# Does anyone like Diaz?



## Azumo (Feb 8, 2011)

Maybe it's just me but he's an asshole. Pretty good fighter who hasn't had much true competition and just comes off as a complete douche. Thoughts? Is it just an act? 

http://www.mma-core.com/videos/_Nick_Diaz_I_m_the_Most_Overworked_Overtrained_?vid=10018267&tid=105


----------



## Rusko (Feb 4, 2010)

He just fought a guy who was fighting for number 1 contender spot for the belt in the ufc. (not so long ago)

He has masses of fans and we like him. So, I don't know what 
the fudge you talking about.


----------



## M_D (Apr 8, 2007)

<<<<< huge fan of both diaz brothers


----------



## edlavis88 (Jul 12, 2009)

Every time he fights i become a fan becasue his skills are impressive. Then i watch his interviews and remember why i hate him and he then loses me as a fan... and the cycle continues!
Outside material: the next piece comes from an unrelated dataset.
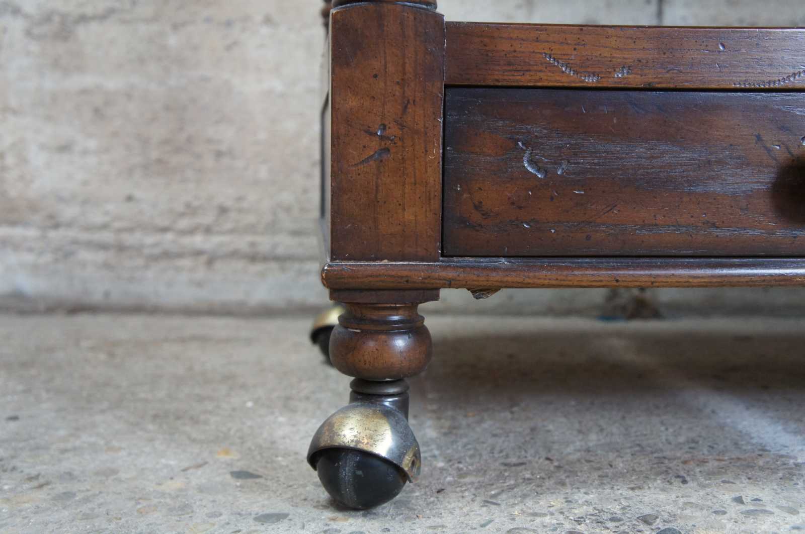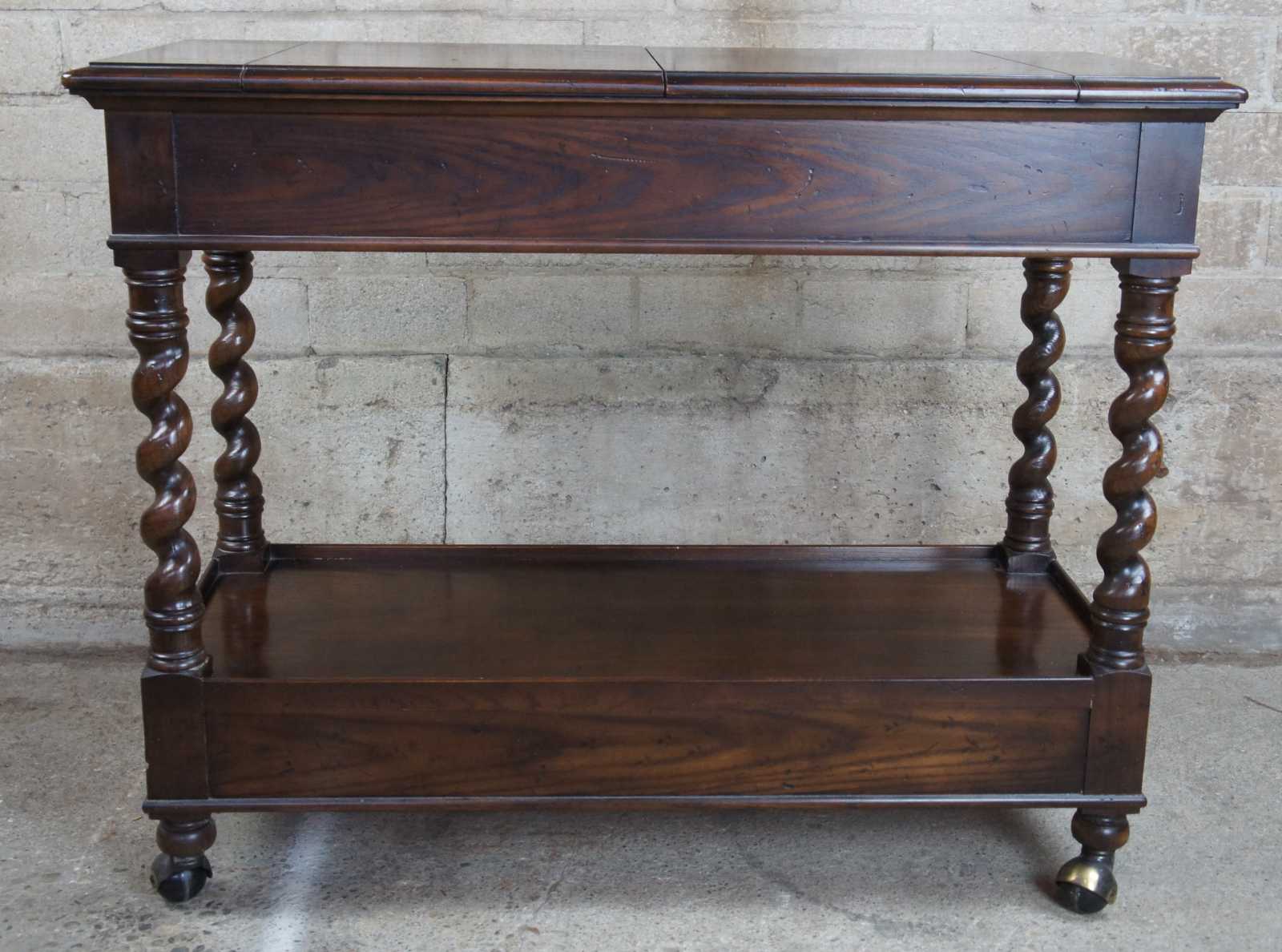 Vintage Henredon Four Centuries rolling buffet or server. Made of oak, featuring a flip top that opens over four barley twisted supports between two sets of drawers and large castors.

Gotta say though after last night Diaz goes into contention for the best chin in MMA.


----------



## Abrissbirne (Jul 4, 2010)

I absolutely hate him. At least he got rocked a couple of times. Daley is just a stupid fighter, he could have won that.
I disliked both guys, its not a real loss. Should have been a devestating double ko tbh.


----------



## Rusko (Feb 4, 2010)

Abrissbirne said:


> I absolutely hate him. At least he got rocked a couple of times. Daley is just a stupid fighter, he could have won that.
> I disliked both guys, its not a real loss. Should have been a devestating double ko tbh.


----------



## JuggNuttz (Oct 5, 2006)

Abrissbirne said:


> I absolutely hate him. At least he got rocked a couple of times. Daley is just a stupid fighter, he could have won that.
> I disliked both guys, its not a real loss. Should have been a devestating double ko tbh.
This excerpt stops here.